Compression Impacts on Performance
The second area that can impact performance is overall data model compression. The more unique values that exist in a column in the data model, the less compressed the data will be. The less compressed the data, the more memory that is required and potentially the slower the calculations will be. Let’s take another look at the tables from earlier in this article.
Example Table 1
The column of data Sales[Total Sales] has all unique values. This column would not compress well.
Example Table 2
In this table there are duplicate values in the Qty column and also the Price Per Unit column. The less unique values in a column as a percentage of row count, the better the compression.

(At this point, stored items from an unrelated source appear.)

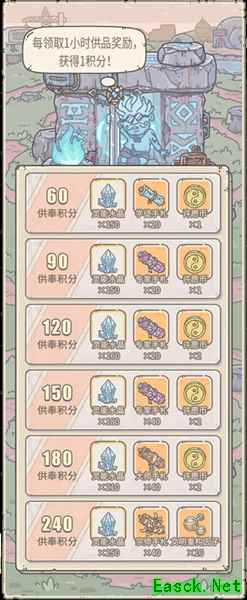 【活动详情】 活动期间,每次领取供奉奖励 根据祭品原始的供奉时间 获得活动积分(1小时=1积分) 累积对应的活动积分,可获得以上奖励 以上就是小编整理的关于《最强蜗牛》10月神坛秘仪活动内容介绍的全部内容,想获得更多相关游戏攻略可以关注手游网。 |
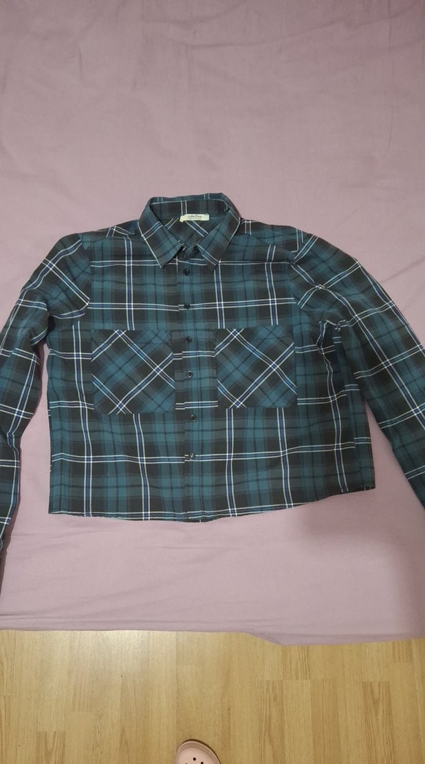Düğmeli ön kısmı, yakalı ve uzun kollu kadın gömleği. Sentetik kumaştan, koyu kahverengi ve ekose desenli, rahat kesim ve günlük sokak stili için uygun.
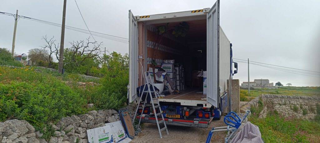Als de dag nadert waarop de verhuiswagen komt om onze inboedel op te halen, slaat de paniek toe: gaan we het echt wel redden om alles op tijd ingepakt te hebben? En hebben we eigenlijk wel genoeg verhuisdozen? Nou, de hulp van onze kinderen de dag voor de verhuizing zorgt ervoor dat we niet de laatste nacht hoeven door te werken, maar dozen komen we wel tekort. Als op vrijdag 28 maart tegen het middaguur de verhuiswagen komt voorrijden, gaan wij als de wiedeweerga aan de slag met het in elkaar vouwen en vullen van de extra verhuisdozen. Ondertussen zijn de 5 verhuizers als een supergeolied team ons huis aan het ‘leegtrekken’ (verhuizerstaal, ha,ha). Tegen 16 uur zit alles in de verhuiscontainer en zien we onze inboedel vertrekken richting Sicilië!
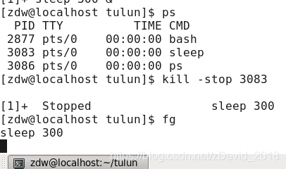 fg 任务号:将挂起的进程放在前台执行

Now of course these 2 sample tables are very small, but imagine the impact of this concept on very large tables (eg tables with millions of rows of data). It is possible that for very large tables, the number of unique values in example table 1 will be significantly larger than the unique values in the columns in example table 2. It is therefore possible that loading data as outlined in example 2 could have positive impacts on total table size and hence performance of your data model. Making a change may mean of course that you have to swap your measures from
SUMX(Sales,Sales[Qty] * Sales[Price Per Unit])
however this usage of SUMX instead of SUM is perfectly fine and highly performant. It is impossible to say what impact one vs the other will have overall; it depends entirely on your data. But one thing I would advise is that you should not load all 3 of the columns as shown in this simple example, i.e don’t load Qty, Price Per Unit, AND Total Sales. As no doubt you can see, you only need 2 of these columns of data loaded because you can always derive the value in the third column from the other 2. So if you are going to use Qty and Price Per Unit, then don’t load Total Sales. If you are going to use SUM(Sales[Total Sales]) then don’t load both Qty and Price Per Unit. I recommend you load your most used column, then determine which of the other 2 columns you will use the most and then derive the third one as needed on demand.
As always, there are exceptions to the rules. Everyone’s data is different, so test out the techniques on your own data and see what gives you the best results. If your data models are small and fast then it probably doesn’t matter. If your data models start to get large and slow, then it is time to investigate the best options to try to maximise performance.